In this case, they also give consideration to what assets signify historically, as the outcome of generations of accumulation strategies which have again lead to vast structural inequalities. And refreshingly, they also consider issues often derided as 'soft' in evidential terms, such as how people's financial situation makes them feel, whether having assets increases feelings of security and wellbeing or proves a burden detrimental to economic prosperity. It could always be argued that additional qualitative research could delve deeper into the processes by which habits of saving are instigated, or how narratives and representations of the 'rich' and 'poor' contribute to public perceptions of (in)justice. But the book is no less significant or powerful for its lack of a discursive take on wealth and the wealthy. And the authors arrive at some politically radical conclusions backed up by a highly balanced view of issues around fairness, public acceptability and democratic legitimacy. The chapter devoted to policy goals (chapter 7), for instance, provides clear justification for a series of sensible policy interventions in the spheres of equal opportunities (largely education), progressive taxation and measures to more equally distribute original income.
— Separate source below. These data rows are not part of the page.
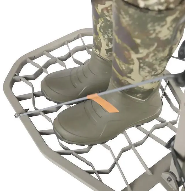 The Raider Hang On Treestand is made for more permanent stand locations. The Raider Hang On comes with an oversized textilene seat that contours to your body in the seated position. The unique welded platform makes the stand easy to hang and provides a no-slip grip for cold and icy conditions. The extra-large platform offers comfort for all-day sits yet is light enough to compliment the mobile whitetail hunter.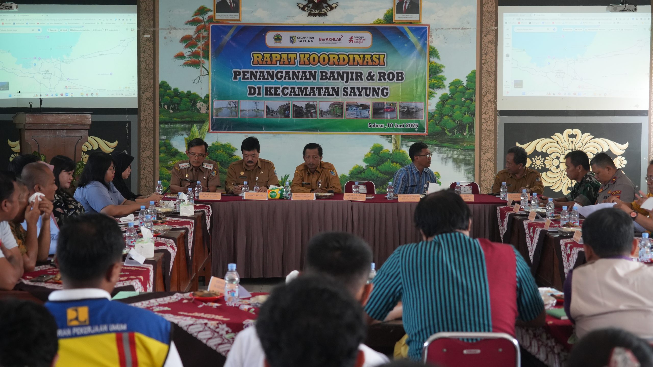 Pemerintah Kabupaten Demak kembali menggelar rapat koordinasi lintas sektor dalam upaya mengatasi persoalan banjir rob yang selama ini melanda kawasan pesisir utara, khususnya Kecamatan Sayung. Rapat yang berlangsung pada Selasa (10/6/2025) di Aula Kecamatan Sayung ini dihadiri oleh berbagai pemangku kepentingan, mulai dari unsur pemerintah, TNI/Polri, hingga perwakilan perusahaan yang beroperasi di kawasan terdampak.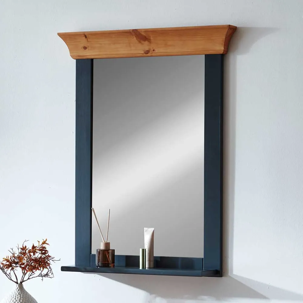 - Aus Spiegelglas und massivem Kiefernholz hergestellt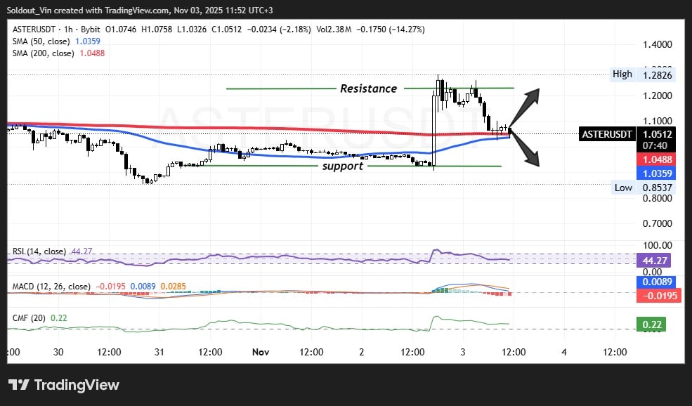 Looking at the ASTERUSDT price chart, the coin price sits near $1.05 after the massive bounce. Resistance is now marked at $1.25, which was the recent high. Support is found at $1.05, and the next lower zone is near $0.85.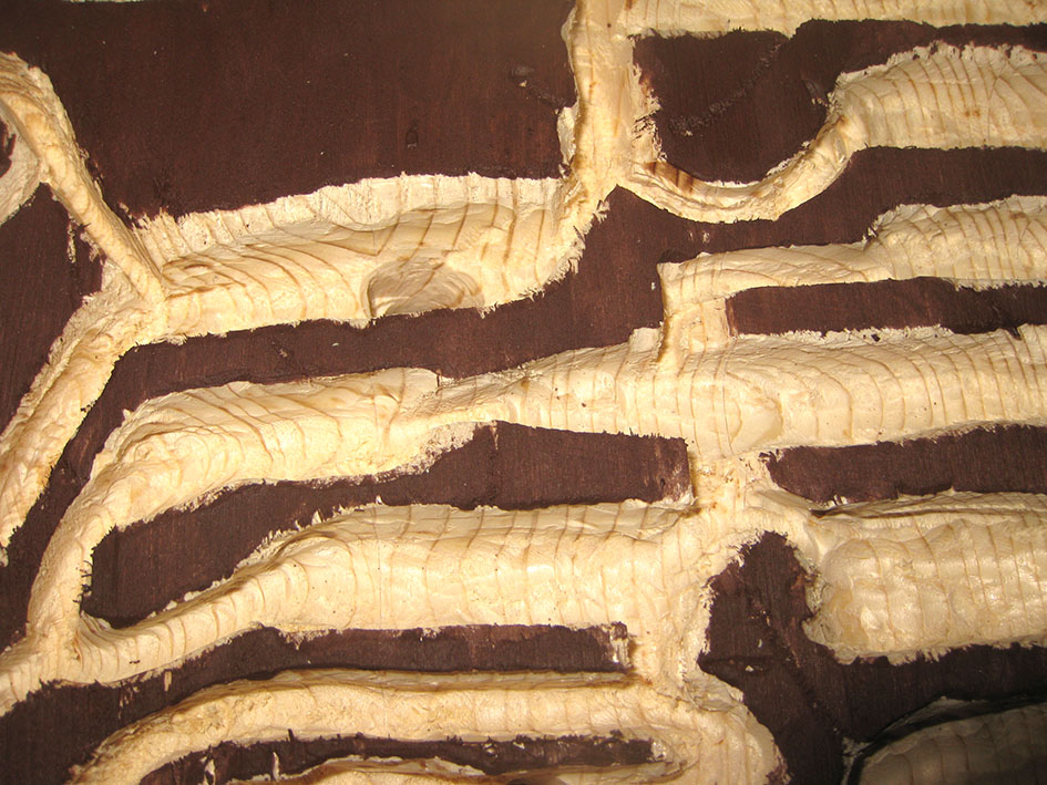 Mi sono anche imbarcato in un piano folle: forse se avessi saputo l'impegno, avrei rinunciato... ho preparato una delle due facce in legno scavato con il Dremel, in modo da far assomigliare il più possibile le gallerie a quelle che le formiche scavano in natura.

In charting their way through numerous studies and data sets, Rowlingson and McKay also provide a useful commentary on the availability of data, the sometimes flawed assumptions of baseline studies and indeed the often gendered basis of much data relating to work and occupations. They are careful to highlight where gaps in empirical data limit the testing of specific theories, such as the relationships between capitalist-induced anxiety, wellbeing and inequality. For non-expert readers, a glossary of technical terms (no doubt everyday language to statisticians) would have been useful e.g. Gini co-efficients, logistic regression models and multivariate analysis, and more ambitious forms of data visualisation would have been welcome. Perhaps an idea for a companion website? That said, Wealth and the Wealthy is an accessible and well-organised book which will be a key text in undergraduate and postgraduate courses in a range of social science disciplines considering issues of income, inequality, work, welfare and social justice.
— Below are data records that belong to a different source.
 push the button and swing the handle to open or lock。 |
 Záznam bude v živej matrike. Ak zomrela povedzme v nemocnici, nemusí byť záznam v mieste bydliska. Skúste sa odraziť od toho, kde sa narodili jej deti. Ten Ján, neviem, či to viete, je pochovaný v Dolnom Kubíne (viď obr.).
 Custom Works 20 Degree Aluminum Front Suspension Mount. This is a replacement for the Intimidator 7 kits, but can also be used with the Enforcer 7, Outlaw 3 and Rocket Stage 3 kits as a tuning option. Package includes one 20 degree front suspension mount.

Policy makers and politicians from all sides of the political spectrum would do well to pick up this book. It provides no less than a progamme of action to tackle inequality and injustice through social policies which have the power to shape the distribution of income and wealth. In a world where the Westminster summer reading lists are apparently dominated by titles inspired by behavioural economics and positive psychology, this book, amongst a groundswell of complimentary research on the social harms of inequality, the weakness of contemporary visions of the state and the precarious nature of work and welfare, demonstrates the very social nature of personal finance, and the need to go beyond a softly-softly approach to ensuring real collective wealth. Rowlingson and McKay outline the concrete Government actions required to deal with the problem of uneven wealth, suggesting an agenda for replacing the flawed market economy with what one could call a 'public economy'.